If a company reacts negatively to that, I will not accept the job. If they
later complain I will remind them that I mentioned this before even starting.
And most people are understanding, or you just don't want to work for them.

------
zck
It's interesting how much advice given is "show people hiring you your
programming projects". I don't find this does so much for me, because projects
I want to work in in my spare time don't have any relation to the job I do.
Now, perhaps that might be my failure in managing my career, but I don't know
about that.

Now, those things might be _interesting_, but they're not as immediately
impactful as "I made an SPA for my personal site using React & Redux, so I'm
ready to use React & Redux to make SPAs at work". Very few people are hiring,
for example, to make Emacs packages, generative art, write anything in Lisp,
or a cigar box guitar.

And there's something exciting about doing the things I like only as much as I
like them -- if I had to make a dozen cigar box guitars every week, I wouldn't
enjoy it as much as I do the ones I have in progress.

------
scarface74
This article is definitely meant for someone just starting out. I was about to
dismiss this completely, until I realized I did something similar to get
started - back in 1994 and not on purpose.

I wrote a HyperCard stack that was basically a much better Eliza clone and
posted it on AOL. A guy from another college over 100 miles away saw it and
asked me to do a side project for him while I was in a no name college.

A year later, during the summer of my junior year, I put that on my resume and
along with my interview skills, I got a paid internship with housing in
Atlanta.

The next year after college with companies not exactly beating down my door to
hire me from a no name state college, I was offered a full time low paying job
as a computer operator back at the same company.

That served the purpose (along with help from my parents) of getting me back
to Atlanta from the small town I came from. They had one new programming
project that lasted until 99. I left, got my first real programming job and
from then on my resume, interview skills, and networking with recruiters made
it really easy to get jobs whenever I started looking.

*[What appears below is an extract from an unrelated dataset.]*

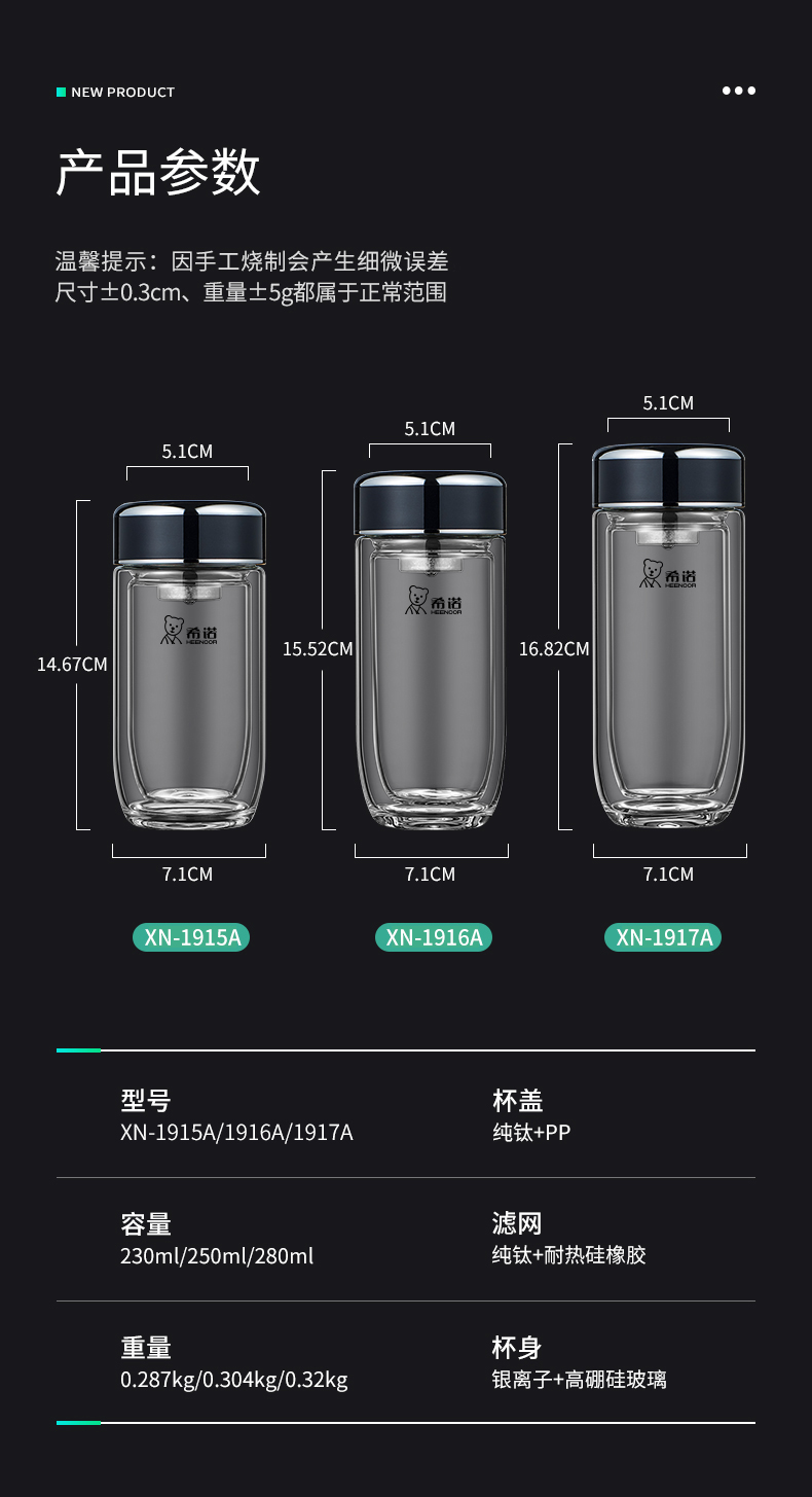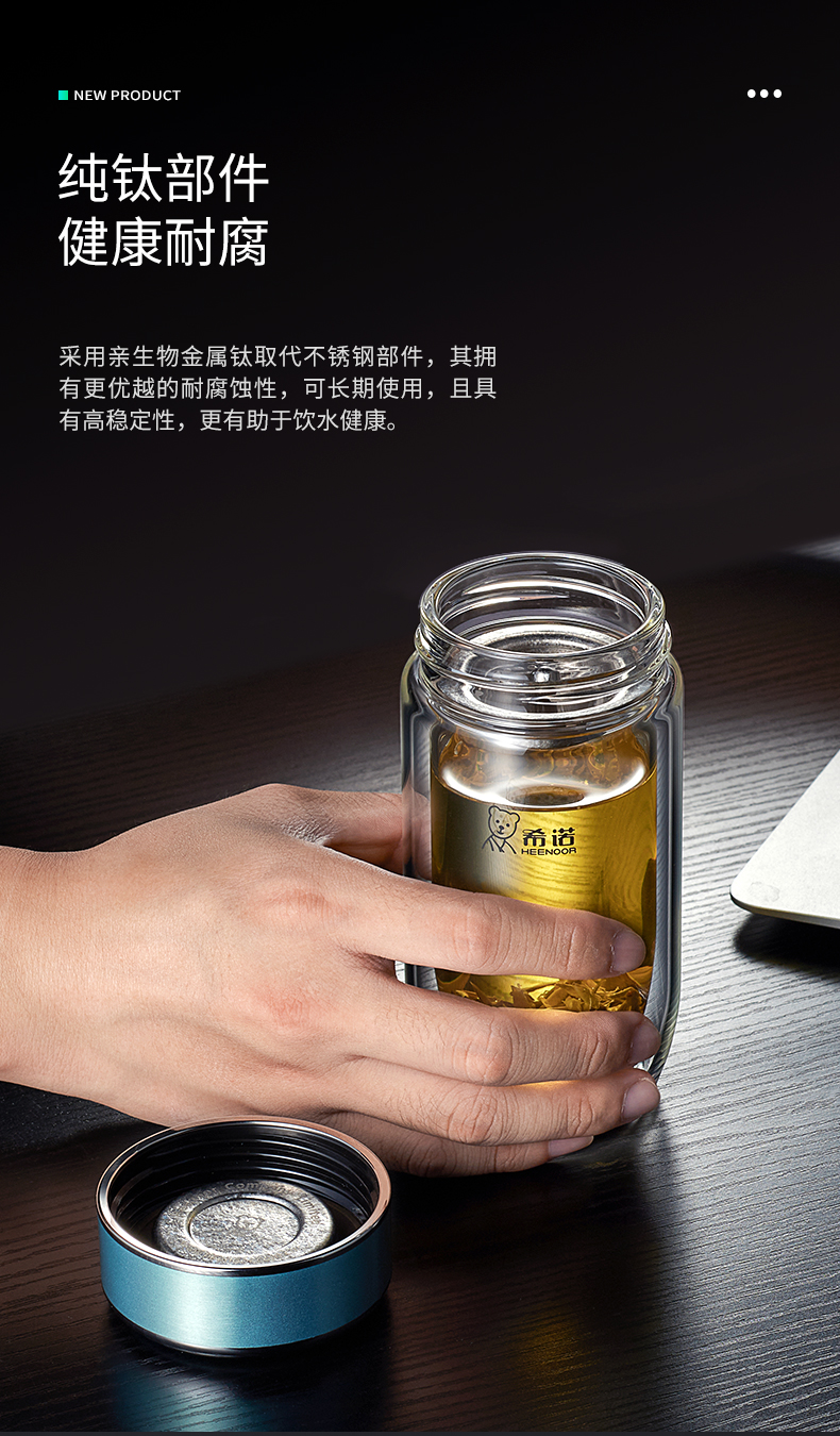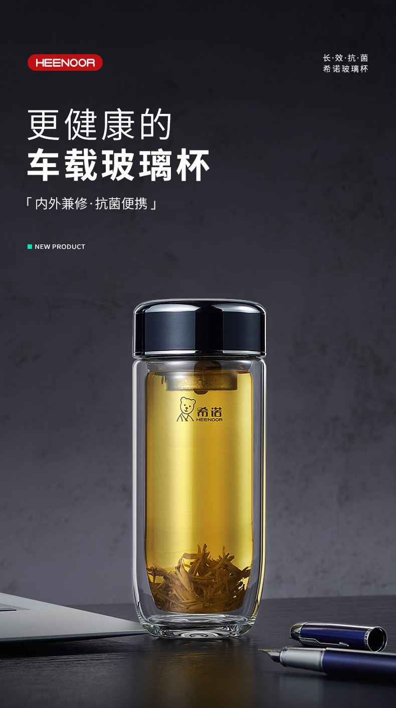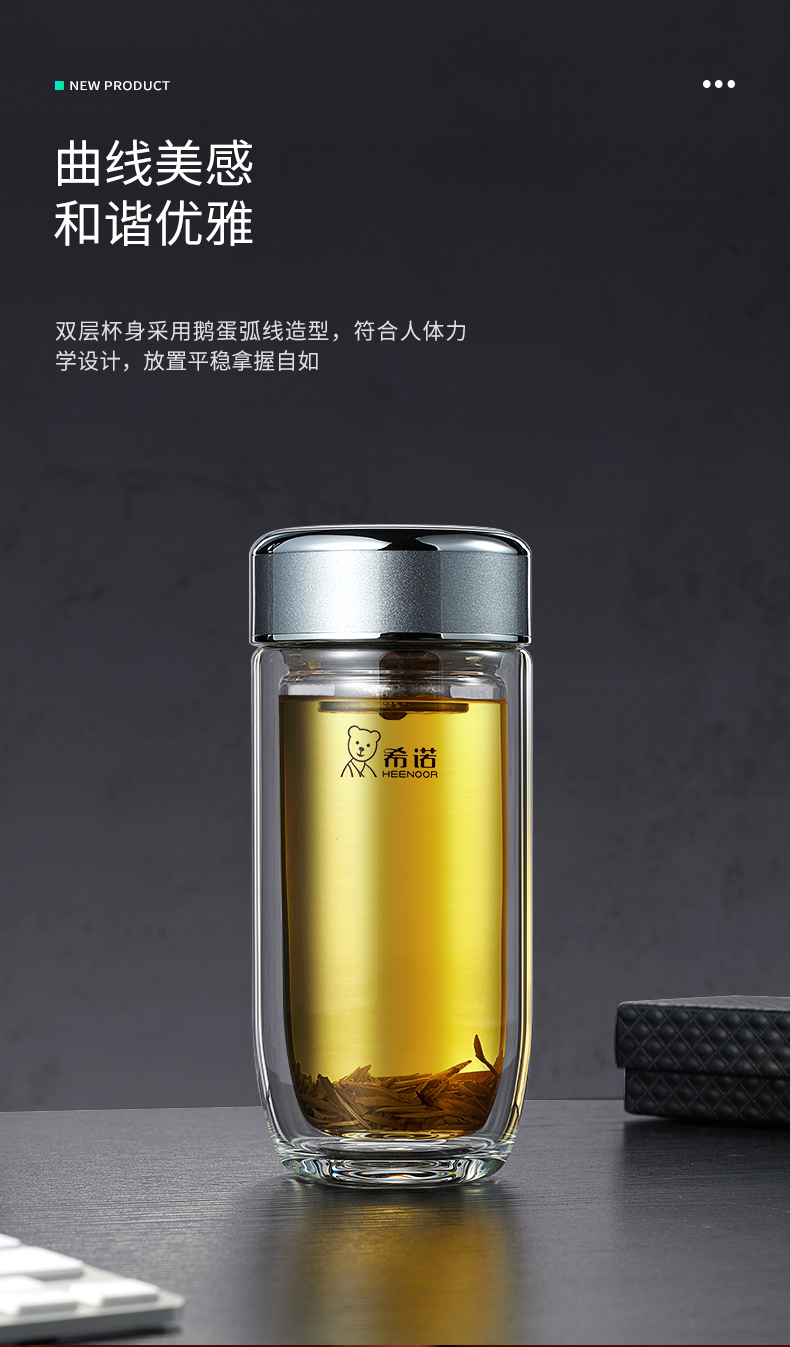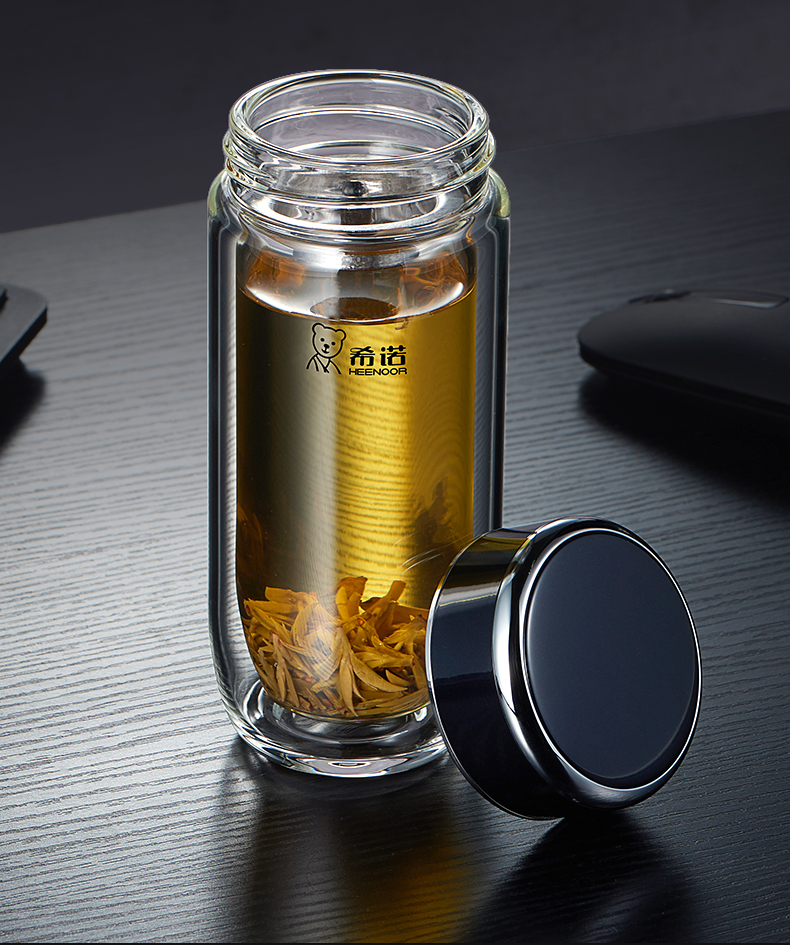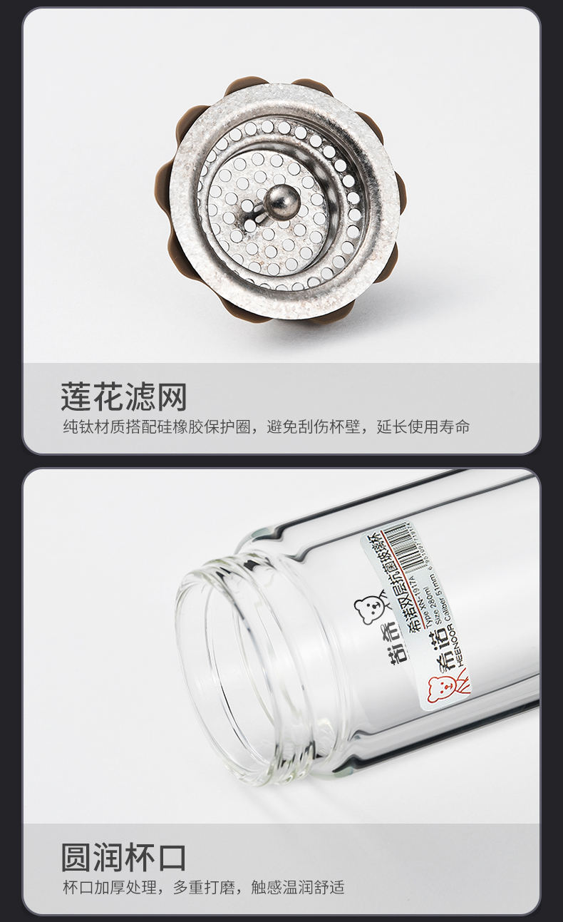 希諾雙層抗菌玻璃杯隔熱男女士高檔車(chē)載水杯便攜杯子帶濾網(wǎng)茶杯

I don't have a single line of code on GitHub, I don't have a blog, and I am on
LinkedIn but don't worry about curating it that much.

------
maxxxxx
"Our field changes constantly, so if you stop coding for one moment,
technology may pass you up."

In my view you can easily skip a few generations and nothing is lost. Its not
hard to catch up if you actually want to. And if you work on something
worthwhile for a while you most likely will rely on mature stuff that works.
Chasing the latest tech all the time seems a suckers game. Spend your time on
doing something well instead.

------
oceanghost
Young and Foolish...